Though God is an almighty lover, he can find himself shut out, and he longs to find an open door of vulnerability in us. It is extraordinarily hard for us to realise this, conditioned as we are by a secular ethic of success and a religious ideal of moral perfection, which may owe little to the gospel. God calls us, implants his life in the deepest centre of our being at baptism, and loves us into growth. He does not propose to us some lofty, rigid ideal to which we must attain by our own unaided human resources. We are more sinful than we know, more deeply flawed than we can recognise by any human insight; but grace works in us in the deepest places of body and spirit. We must live from our weakness, from the barren places of our need, because there is the spring of grace and the source of our strength, as Paul discovered: "When I am weak, then I am strong." When we can stand before God in the truth of our need, acknowledging our sinfulness and bankruptcy, then we can celebrate his mercy. Then we are living by grace, and we can allow full scope to his joy.

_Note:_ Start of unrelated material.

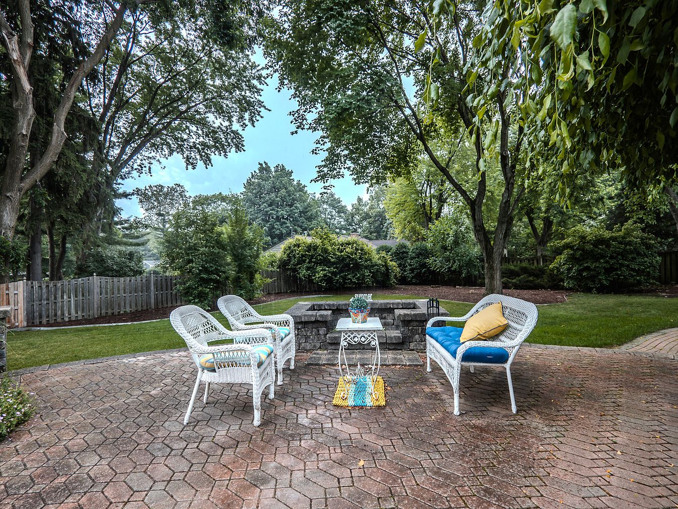 Wicker patio furniture, including a love seat, two armchairs, and a small side table, is arranged in a circle on a red brick patio that curves into a lush backyard. The seating is topped with plush cushions in crisp blue and cheerful yellow, adding vibrant pops of color against the white wicker. The table hosts a decorative summer sign, a vase of colorful faux flowers, and a lantern. Surrounding the patio are well-kept lawns, mature trees with overhanging branches, and a backdrop of thick shrubbery and wooden fencing, creating a private and inviting outdoor living space.
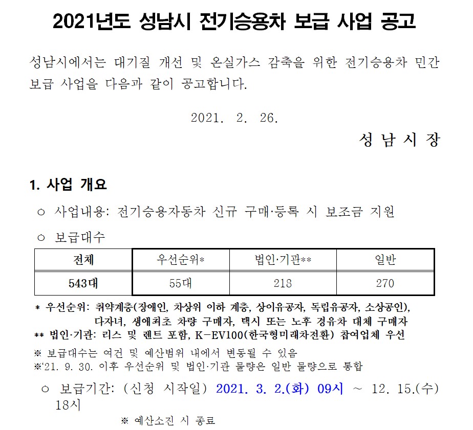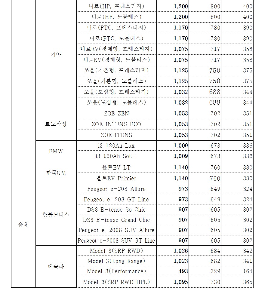 성남시의 각 차종 보조금입니다.

For many of us it is difficult to live honestly from this place of failure and weakness. Even if we know with our heads we should, we may still slip back into the old attitudes and behave as though God were expecting us to succeed and making his love conditional upon our achievements. If we have become hardened in such an attitude it may take some deep experience of failure to disabuse us. When a crisis occurs I may find in myself the sheer moral impossibility of obeying God. It is not simply a matter of emotional rebellion, or of knowing that "the spirit is willing but the flesh is weak"; the will itself is unwilling. I am rebellious to the core and do not even want to want God's will. Perhaps I can push it one stage further from me, and say with a kind of tortured effort, "I want to want to want your will," and then ask myself if there is even a grain of honesty or good will in that. I am helpless; and as the father of the epileptic boy cried out to Jesus, "I do believe, help my unbelief," so I can only say to God, "I am rebellious down to my roots, help me."

Here, as we teeter on the edge of despair, beset by every kind of temptation and feeling as though we had already fallen, the Spirit is released. This is his own place, the deepest place of our being where he is wedded to our spirit, where he can act and give life, where he can free us from all that hampers the true thrust of our will. God himself creates our freedom; he gives us freedom as his continuing gift of love, and he alone can influence it from within, in no way violating or diminishing it. Entombed Lazarus is a sign not simply of a certain group of people who have obviously closed their hearts against Jesus, but of each one of us. In this hopeless situation, where you are nothing but stark failure, you know the miracle of grace. This tomb is the place of resurrection, and if you believe, you will see the glory of God.

(Maria Boulding OSB, Gateway to Hope, London 1985, pp.109 - 10)

He's actually really good at this 'right time, right place, right words' thing.